#### [Activity]
From the entries below, return only the lines starting at the one that contains "โดยนำเรือออกไปทำการวางอวนห่างจากฝั่งประมาณ 3 -4" and ending at the one that contains "Vierde verdieping: te", exactly as they stand.
____________
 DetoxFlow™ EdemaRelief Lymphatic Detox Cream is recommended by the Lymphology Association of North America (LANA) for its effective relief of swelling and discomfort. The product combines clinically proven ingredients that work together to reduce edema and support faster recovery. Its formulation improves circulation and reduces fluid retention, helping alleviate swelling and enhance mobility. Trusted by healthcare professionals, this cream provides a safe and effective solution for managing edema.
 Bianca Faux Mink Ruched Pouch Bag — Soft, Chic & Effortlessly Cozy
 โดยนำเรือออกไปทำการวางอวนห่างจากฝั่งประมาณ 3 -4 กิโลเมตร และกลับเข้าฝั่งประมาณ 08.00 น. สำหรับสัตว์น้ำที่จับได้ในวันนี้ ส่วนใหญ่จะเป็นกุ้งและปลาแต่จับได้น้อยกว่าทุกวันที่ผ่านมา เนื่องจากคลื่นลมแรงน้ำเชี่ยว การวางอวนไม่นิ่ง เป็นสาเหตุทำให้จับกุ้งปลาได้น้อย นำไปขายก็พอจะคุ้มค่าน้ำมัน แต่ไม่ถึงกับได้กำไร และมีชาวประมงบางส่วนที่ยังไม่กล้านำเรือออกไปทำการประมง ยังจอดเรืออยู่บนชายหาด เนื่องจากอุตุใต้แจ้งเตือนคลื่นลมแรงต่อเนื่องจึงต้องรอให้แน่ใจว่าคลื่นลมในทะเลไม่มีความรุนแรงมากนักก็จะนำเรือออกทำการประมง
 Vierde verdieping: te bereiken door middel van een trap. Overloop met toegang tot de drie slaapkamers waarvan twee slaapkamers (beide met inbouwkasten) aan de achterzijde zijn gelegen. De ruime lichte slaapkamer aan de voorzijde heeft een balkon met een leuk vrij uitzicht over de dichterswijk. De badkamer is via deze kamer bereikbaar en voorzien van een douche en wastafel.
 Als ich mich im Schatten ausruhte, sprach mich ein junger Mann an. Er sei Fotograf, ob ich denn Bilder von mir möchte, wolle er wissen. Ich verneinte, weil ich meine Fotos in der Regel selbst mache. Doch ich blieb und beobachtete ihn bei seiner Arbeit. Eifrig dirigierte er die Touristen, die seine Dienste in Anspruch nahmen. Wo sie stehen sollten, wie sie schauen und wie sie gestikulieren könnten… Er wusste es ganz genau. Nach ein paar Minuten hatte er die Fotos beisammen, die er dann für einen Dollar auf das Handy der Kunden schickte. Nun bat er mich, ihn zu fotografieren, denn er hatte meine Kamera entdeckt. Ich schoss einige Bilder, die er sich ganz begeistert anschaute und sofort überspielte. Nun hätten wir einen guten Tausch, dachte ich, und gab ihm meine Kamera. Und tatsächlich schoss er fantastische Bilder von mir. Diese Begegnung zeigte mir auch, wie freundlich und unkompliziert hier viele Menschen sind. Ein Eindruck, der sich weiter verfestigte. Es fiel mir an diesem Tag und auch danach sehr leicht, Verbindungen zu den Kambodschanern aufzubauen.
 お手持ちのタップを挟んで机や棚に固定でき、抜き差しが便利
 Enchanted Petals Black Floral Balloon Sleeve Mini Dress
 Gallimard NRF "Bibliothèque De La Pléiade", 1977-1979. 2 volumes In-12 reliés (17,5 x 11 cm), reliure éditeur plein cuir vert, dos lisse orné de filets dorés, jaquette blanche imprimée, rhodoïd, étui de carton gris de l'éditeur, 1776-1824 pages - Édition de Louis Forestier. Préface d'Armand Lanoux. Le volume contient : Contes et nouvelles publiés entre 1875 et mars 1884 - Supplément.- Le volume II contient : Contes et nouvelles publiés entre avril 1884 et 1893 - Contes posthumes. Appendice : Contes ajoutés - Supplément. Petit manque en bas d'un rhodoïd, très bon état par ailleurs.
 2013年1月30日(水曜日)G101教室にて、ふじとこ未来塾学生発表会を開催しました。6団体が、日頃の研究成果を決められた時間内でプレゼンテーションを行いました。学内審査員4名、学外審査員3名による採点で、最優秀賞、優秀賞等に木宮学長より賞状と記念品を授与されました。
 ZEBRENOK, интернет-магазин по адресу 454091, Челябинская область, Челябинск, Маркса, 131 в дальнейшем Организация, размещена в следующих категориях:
____________
#### [Worked solution]
 โดยนำเรือออกไปทำการวางอวนห่างจากฝั่งประมาณ 3 -4 กิโลเมตร และกลับเข้าฝั่งประมาณ 08.00 น. สำหรับสัตว์น้ำที่จับได้ในวันนี้ ส่วนใหญ่จะเป็นกุ้งและปลาแต่จับได้น้อยกว่าทุกวันที่ผ่านมา เนื่องจากคลื่นลมแรงน้ำเชี่ยว การวางอวนไม่นิ่ง เป็นสาเหตุทำให้จับกุ้งปลาได้น้อย นำไปขายก็พอจะคุ้มค่าน้ำมัน แต่ไม่ถึงกับได้กำไร และมีชาวประมงบางส่วนที่ยังไม่กล้านำเรือออกไปทำการประมง ยังจอดเรืออยู่บนชายหาด เนื่องจากอุตุใต้แจ้งเตือนคลื่นลมแรงต่อเนื่องจึงต้องรอให้แน่ใจว่าคลื่นลมในทะเลไม่มีความรุนแรงมากนักก็จะนำเรือออกทำการประมง
 Vierde verdieping: te bereiken door middel van een trap. Overloop met toegang tot de drie slaapkamers waarvan twee slaapkamers (beide met inbouwkasten) aan de achterzijde zijn gelegen. De ruime lichte slaapkamer aan de voorzijde heeft een balkon met een leuk vrij uitzicht over de dichterswijk. De badkamer is via deze kamer bereikbaar en voorzien van een douche en wastafel.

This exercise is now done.